Group and Family Based Cognitive Behavioral Therapy for Youth at Risk for Psychosis: From Research to Real-Word Practice

Poster B100, Tuesday, October 9, 11:30 am - 1:00 pm, Essex Ballroom

Yulia Landa1,2, Kim Mueser3, Michael Jacobs1, Rachel Jespersen1,2, Katarzyna Wyka4, Carrie Swiderski1, Connie Cahalan5, JJ Gossrau5, Aubrey Doss6, Valerie Reyna7, David Silbersweig8; 1Icahn School of Medicine at Mount Sinai, New York, NY, USA, 2James J. Peters VA Medical Center, Bronx, NY, USA, 3Center for Psychiatric Rehabilitation, Boston University, Boston, MA, USA, 4City University of New York Graduate School of Public Health and Health Policy, New York, NY, USA, 5Missouri Department of Mental Health, Division of Behavioral Health, Jefferson City, MO, USA, 6Ozark Center, Joplin, MO, USA, 7Center for Behavioral Economics and Decision Research, Cornell University, NY, USA, 8Brigham and Women's Hospital , Harvard Medical School, Boston, MA, USA

To decrease the severity of symptoms and functional impairment in youth at high risk of developing psychosis we have established a comprehensive Group and Family-based Cognitive Behavioral Therapy Program (GF-CBT).
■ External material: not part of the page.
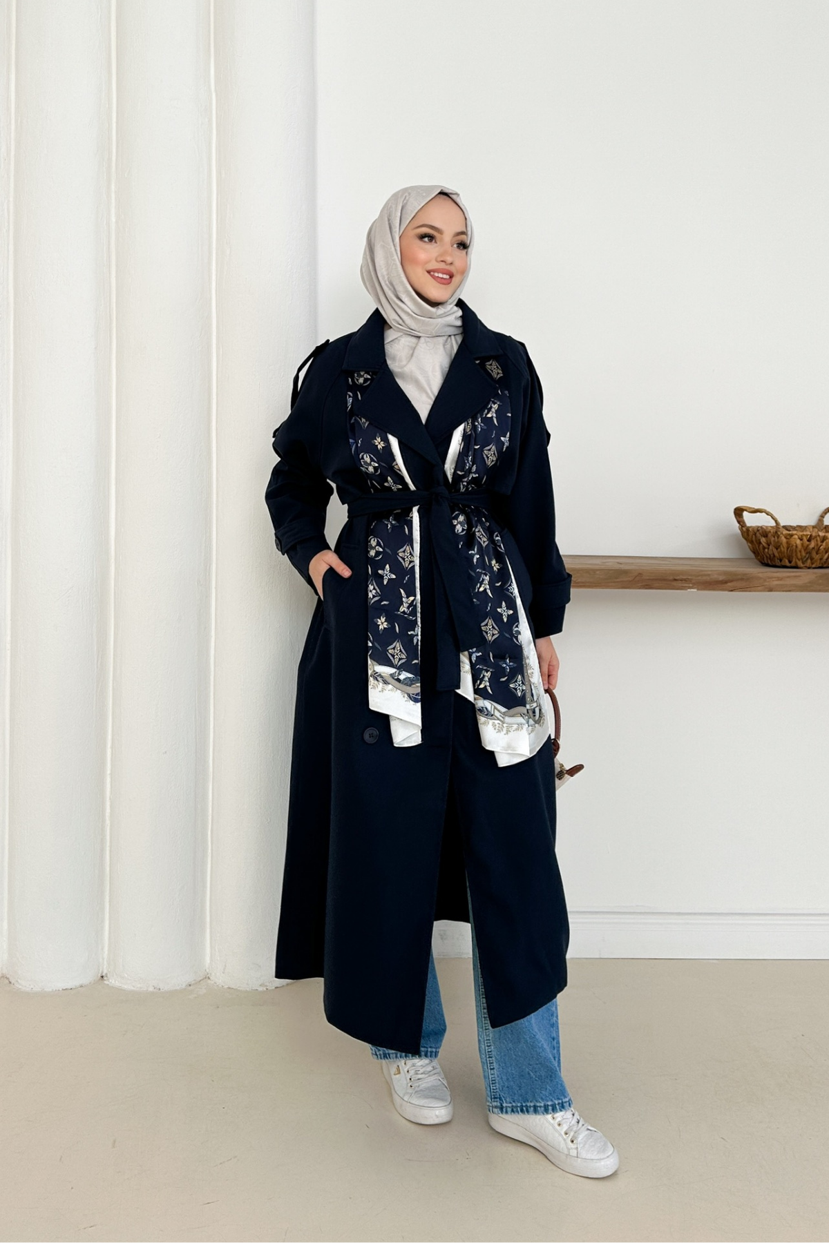 Rahatlık ve şıklık bir arada. Akıcı formu, sade çizgileriyle asil bir görünüm sunarken, zarif duruşuyla fark yaratıyor. Fular detayı ve uzun boyuyla bu trench, her sezonun kurtarıcı parçası olmaya aday.
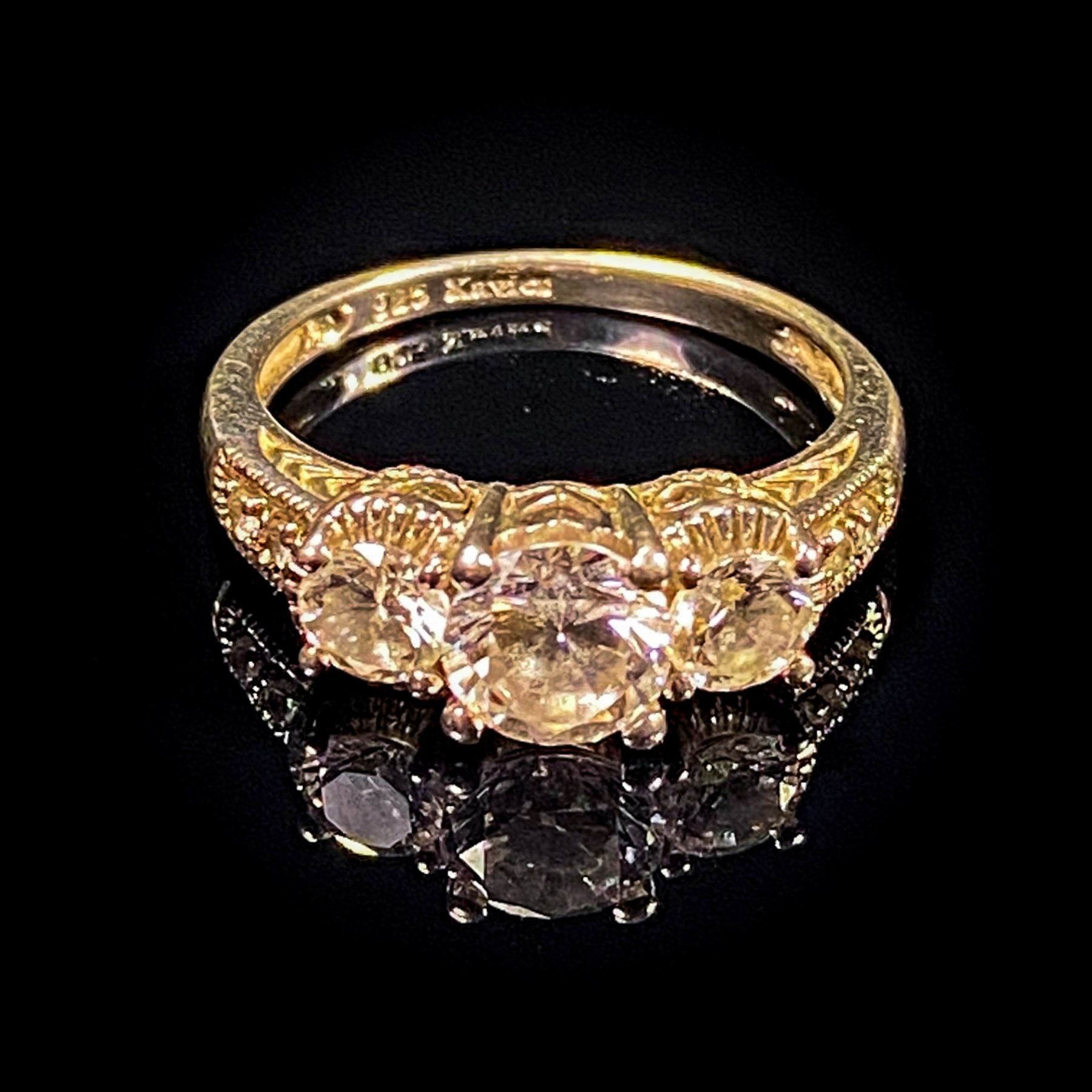 7 3/4 Size Stirling Silver Three Diamond Ring

GF-CBT, which is grounded in theory and research on information processing in delusions, decision making, memory and behavioral change, teaches youth at-risk strategies for reducing biased information processing in order to prevent the formation of delusional beliefs. Families learn CBT techniques to support, encourage and maintain use of these skills at home. Two mixed methods studies were completed: a pilot open trial to evaluate the program’s feasibility and a pilot randomized controlled trial to evaluate its efficacy, as compared to symptom monitoring, over a 2-year follow-up. Nineteen youth ages 12-25 and 20 family members participated. Results support the feasibility and preliminary efficacy of GF-CBT, as evidenced by high levels of program satisfaction and significant remission rates among GF-CBT participants, with the majority no longer meeting ARMS criteria post-CBT, and maintaining recovery at the follow-up. At post-treatment GF-CBT group showed greater decreases in positive and negative symptoms (CAARMS) as well as improvements in functioning (SOFAS). The difference between groups increased over time. As part of the SAMHSA funded project to improve outcomes for as many as 2,000 youth and their families affected by, or at risk of, early onset psychosis in the State of Missouri, GF-CBT has been implemented in 3 DMH clinics. GF-CBT state-wide implantation, including clinician training and “Train-the-Trainer” procedures to allow sustainability of the intervention will be discussed.